Measured monthly.
Published in full.
Kirtonic ships a benchmark harness in the repository and runs it monthly against publicly-available prompt-injection datasets. Headline numbers are written to a JSON file the page below reads at request time, so what you see is what we last measured.
Per-dataset results
| Dataset | Category | Cases | Accuracy | Flagged | p50 | p95 |
|---|---|---|---|---|---|---|
Benign baseline — Normal user prompts Authored by hand from common workplace prompt patterns. | benign | 25 | 100% | 0% | 2994 ms | 4695 ms |
Lakera Gandalf style — Password extraction attempts Modelled on publicly-documented Gandalf bypass categories (Lakera AI) | injection | 25 | 88% | 88% | 3409 ms | 4170 ms |
OWASP LLM01 — Prompt Injection OWASP Top 10 for LLM Applications 2025 (LLM01:2025 Prompt Injection) | injection | 25 | 96% | 96% | 3089 ms | 5572 ms |
How we measure.
We run against datasets every buyer can independently inspect: prompt-injection examples from the OWASP Top 10 for LLM Applications, prompts modelled on publicly-documented Lakera Gandalf bypass categories, and a hand-curated benign baseline. The full JSON of each dataset is committed to the Kirtonic repository under data/benchmarks/ so a buyer can read every test case.
Each test case is sent to the same /api/v1/extension/verdict endpoint a production extension calls. The verdict path is whatever is configured on the workspace under test, baseline classifier or a customer-trained model, whichever is selected. There is no separate test mode.
Detection rate is the fraction of injection cases the classifier returns medium-or-high severity on. False-positive rate is the fraction of benign cases the classifier flags. Both are reported on this page and per-dataset. Anything under 5% false-positive on benign is considered acceptable.
Round-trip wall-clock latency measured from the harness to the verdict endpoint and back. p50 and p95 are reported. The harness runs from the same network the SDK would run from in production deployment; latency to a customer-hosted classifier on the same VPC will be lower than the published numbers.
We publish every number. If the false-positive rate is high one month, that goes on the page. If a regression in the classifier hurts detection, that goes on the page. The harness writes a JSON file and the page renders it; there is no marketing claim we maintain separately.

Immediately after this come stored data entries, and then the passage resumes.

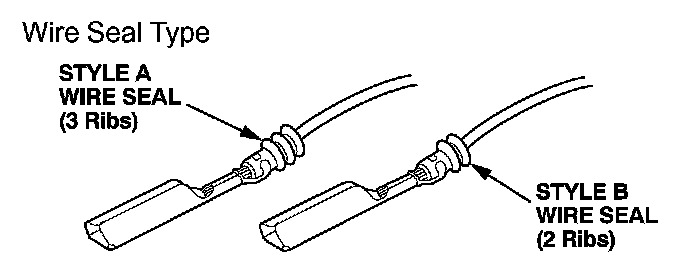 Select the proper size pigtail terminal by matching the replacement terminal part number and the wire size being repaired to the corresponding pigtail terminal part number. Then use the color (size) splice connector listed. In some instances you may also have to match the wire seal style to select the proper pigtail terminal. Pigtail terminals are available through your parts department, in quantities of 10, using normal parts ordering procedures.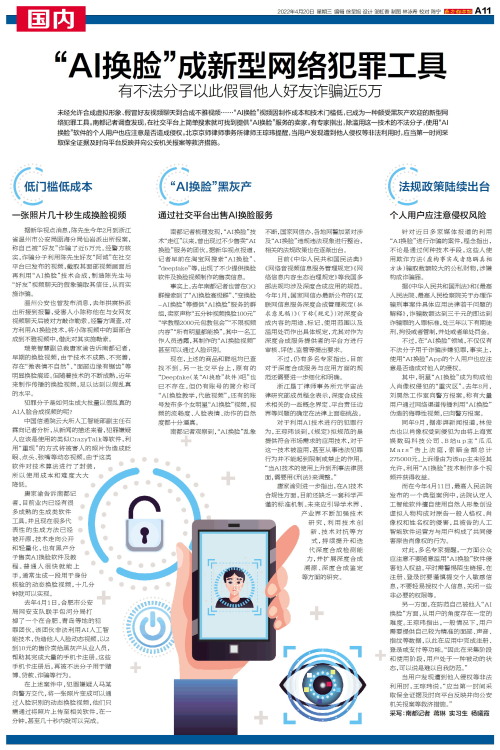 未经允许合成虚拟形象、假冒好友视频聊天到合成不雅视频……“AI换脸”视频因制作成本和技术门槛低,已成为一种颇受黑灰产欢迎的新型网络犯罪工具。南都记者调查发现,在社交平台上简单搜索就可找到提供“AI换脸”服务的卖家。有专家指出,除滥用这一技术的不法分子,使用“AI换脸”软件的个人用户也应注意是否造成侵权。北京京师律师事务所律师王琮玮提醒,当用户发现遭到他人侵权等非法利用时,应当第一时间采取保全证据及时向平台反映并向公安机关报案等救济措施。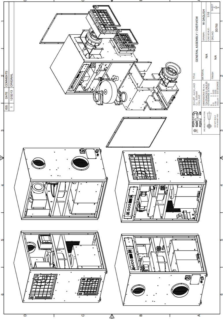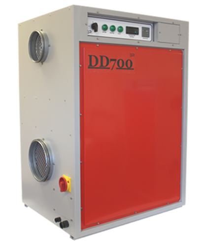 Air (Process Air) is drawn into the top-rated and powerful DD700 dehumidifier machine, where is passes over a wheel impregnated with industrial grade Silica Gel. As the air passes over this wheel, any moisture present in the air is absorbed into the Silica Gel wheel before leaving the dehumidifier as warm dry air. The Silica Gel wheel is continually, slowly rotating, typically at three revolutions per hour. As the wheel rotates, a small portion passes through the regeneration segment. During this phase a second air stream (Regeneration Air) is heated to a high temperature before passing over the wheel. Any moisture present in the wheel is released into this air stream; this hot wet air is then exhausted outside the area being dried..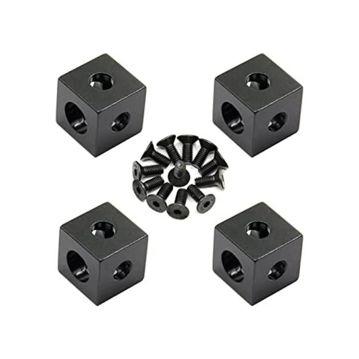 Zeberoxyz 4 piezas de soporte de esquina cubo negro con tornillos serie 2020 cubo de bloque de aluminio para ranura de 0.236 in perfil de extrusión de aluminio 3D accesorios de impresora 4 piezas cubo esquina con tornillos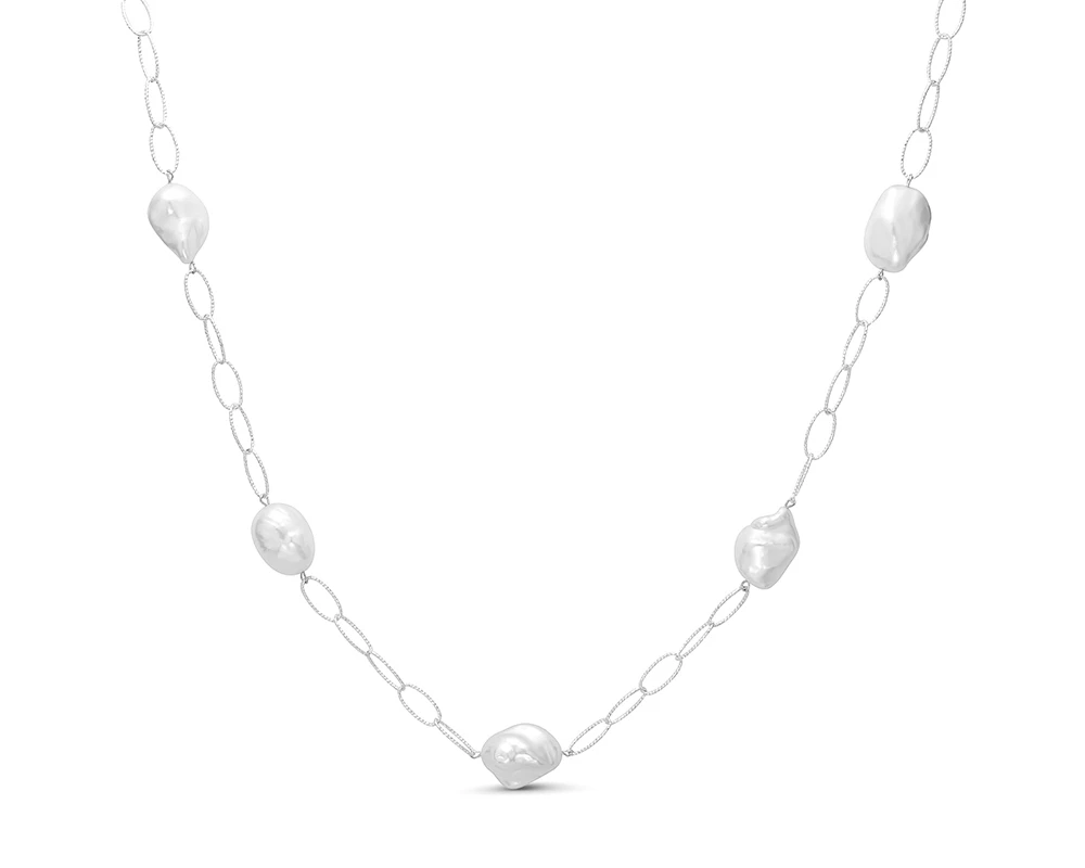 Цепочка из серебра 925 пробы украшена прекрасными белыми пресноводными жемчужинами барочной формы без дефектов поверхности.

What these numbers do, and do not, prove.
They do prove: that the Kirtonic verdict endpoint is measurable, that the headline numbers are reproducible, and that detection performance on a documented public adversarial corpus is at the published level.
They do not prove: that performance on your specific traffic will match these numbers. Detection on a public benchmark is necessary but not sufficient evidence; a real deployment evaluation should be done against your own representative sample before any go-live decision. We will run a paid evaluation against a sample of your real traffic on request.